Case Details
- Citation: [2019] SGHC 170
- Title: ANH v ANI
- Court: High Court of the Republic of Singapore
- Date of Decision: 22 July 2019
- Judge: Choo Han Teck J
- Case Number: Divorce (Transferred) No 3521 of 2012 (Summonses Nos 1149 and 1832 of 2019)
- Proceedings: Applications to vary maintenance order (Summonses Nos 1149 and 1832 of 2019)
- Parties: ANH (plaintiff/applicant, father) v ANI (defendant/respondent, mother)
- Legal Area: Family Law — Child (maintenance; variation of order)

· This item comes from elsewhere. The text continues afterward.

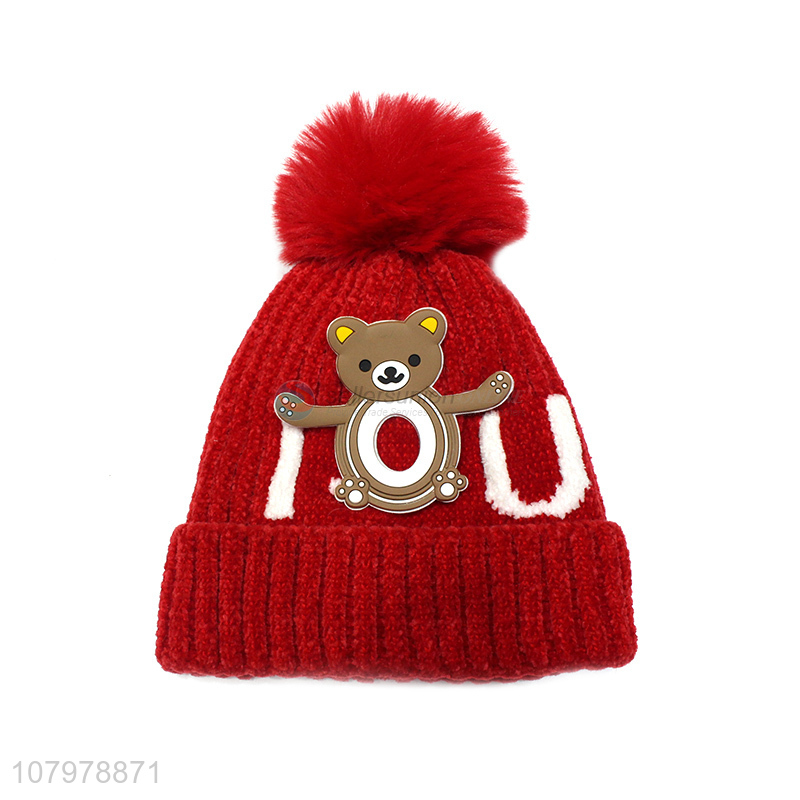 Wholesale cartoon women winter fleece lined beanie with faux fur pom pom

- Original Maintenance Order (dated 7 October 2014): S$2,500 per month plus school fees, medical expenses and music examination fees
- Current Child’s Status: Daughter aged 19; enrolled at Monash University, Melbourne on 20 February 2019 as a medical student
- Counsel: Plaintiff in person; Carrie Kaur Gill and Clement Yap (Eversheds Harry Elias LLP) for the defendant
- Tribunal/Court Composition: High Court; Coram: Choo Han Teck J
- Judgment Length: 2 pages, 1,217 words (as provided)

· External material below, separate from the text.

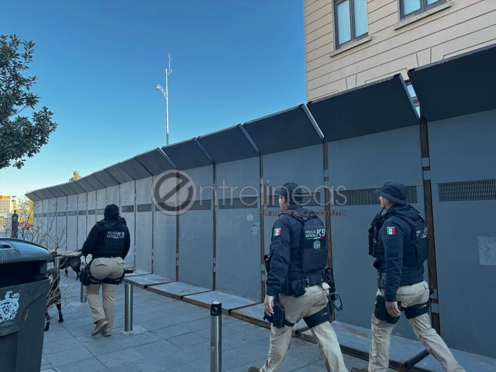 Asimismo, al exterior de la muralla de acero se encuentran elementos de seguridad, acompañados de la Unidad Canina K9, caminando sobre el perímetro.

- Costs: Each party to bear his own costs
- Key Holding (in brief): Maintenance varied based on change in circumstances; father to pay S$35,000 per annum towards daughter’s education expenses until graduation
Summary
In ANH v ANI [2019] SGHC 170, the High Court considered applications by both parents to vary an earlier maintenance order for their daughter. The original order, made on 7 October 2014, required the father to pay S$2,500 per month plus school fees, medical expenses and music examination fees. By 2019, the daughter had moved from secondary education to university, enrolling at Monash University in Melbourne as a medical student. The parents therefore sought a recalibration of the maintenance arrangement to reflect the daughter’s new educational stage and associated costs.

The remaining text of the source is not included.